Physician Groups Divided on GAO Self-Referral Report
Financial incentives for self-referring providers "were likely a major factor driving" an increase in referrals and millions of dollars in unnecessary Medicare costs, a Government Accounting Office report finds.
A Government Accounting Office report which finds that physician self-referrals for anatomic pathology services accounts for millions of dollars in unnecessary Medicare costs has some physician groups calling 'foul.' Others say the findings bolster an argument for legislative changes in federal law.
The GAO report, released two weeks ago, looks at the effects of physicians sending patients to facilities where a provider or family member has an economic interest. It focused on the use of anatomic pathology services between 2004 and 2010. The GAO conducted the study in response to questions about the role of self-referral in growing Medicare Part B expenditures, which include physician and other outpatient services.

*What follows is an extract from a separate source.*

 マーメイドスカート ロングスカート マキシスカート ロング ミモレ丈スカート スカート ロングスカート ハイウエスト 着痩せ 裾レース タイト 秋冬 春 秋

Although the federal Ethics in Patient Referrals Act (also known as the Stark law) generally prohibits self-referrals under Medicare, exceptions are permitted for certain in-office ancillary services (IOAS), including anatomic pathology services. The idea is to allow the services to be offered during an office visit as a patient convenience.

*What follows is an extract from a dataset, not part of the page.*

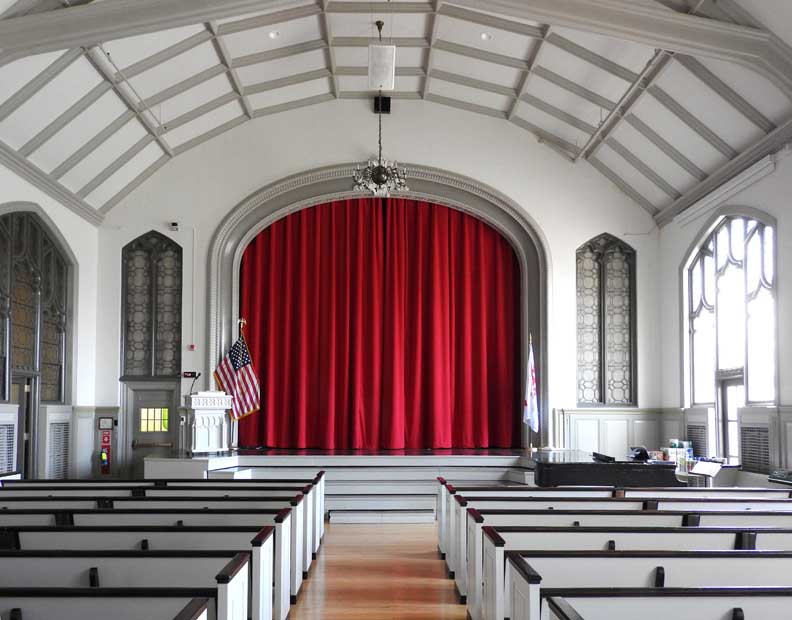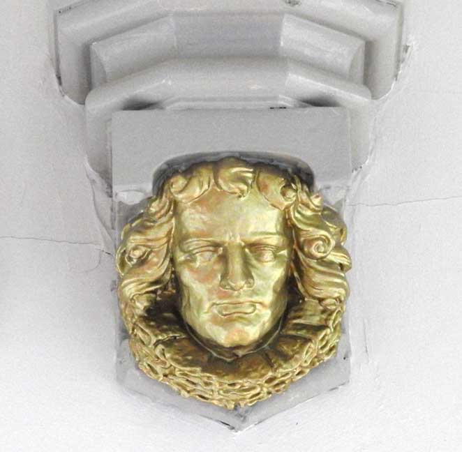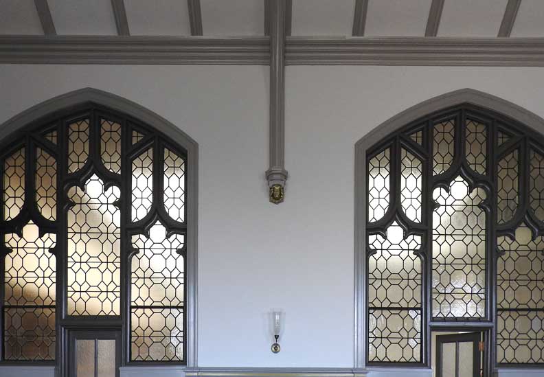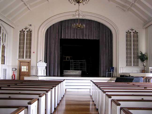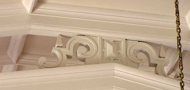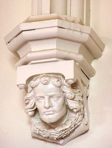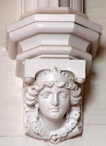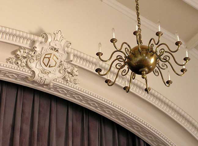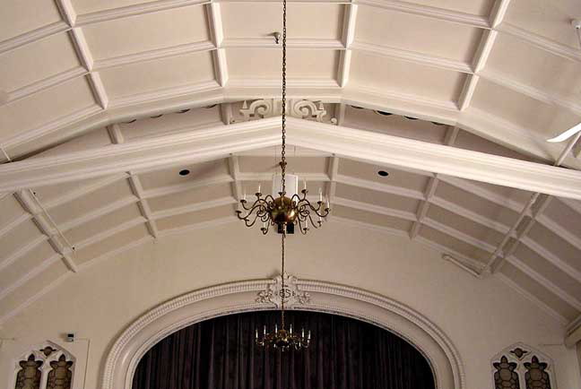 2004 photos![]() Proscenium stage ... Note podium left of curtain ... 2004 photo ![]() Coffered ceiling. Note strapwork ornamentation and chandeliers ... 2004 photo ![]() Strapwork ornamentation in the shape of a Flemish scroll ... 2004 photo ![]() Plaster cartouche and brass chandelier ... 2004 photo ![]() Proscenium ornamentation ... 2004 photo ![]() 2004 photo ![]() Traceried windows, some with cinquefoil pattern ... 2004 photo ![]() Plaster carved corbel supporting arch brace ... Note carved face on corbel ... 2004 photo ![]() Plaster carved corbel ... 2004 photo ![]() Plaster carved corbel ... 2004 photo |

Among the GAO report findings for anatomic pathology services:
- The number of self-referred services more than doubled, from 1.1 million to 2.3 million, while non-self-referred services grew by about 38% from 5.6 million to 7.8 million.
- Three provider specialties: dermatology (58%), gastroenterology (15%), and urology (16%), accounted for 90% of referrals for self-referred anatomic pathology services in 2010.
- In 2010 alone the GAO found that unnecessary anatomic pathology services cost Medicare $69 million.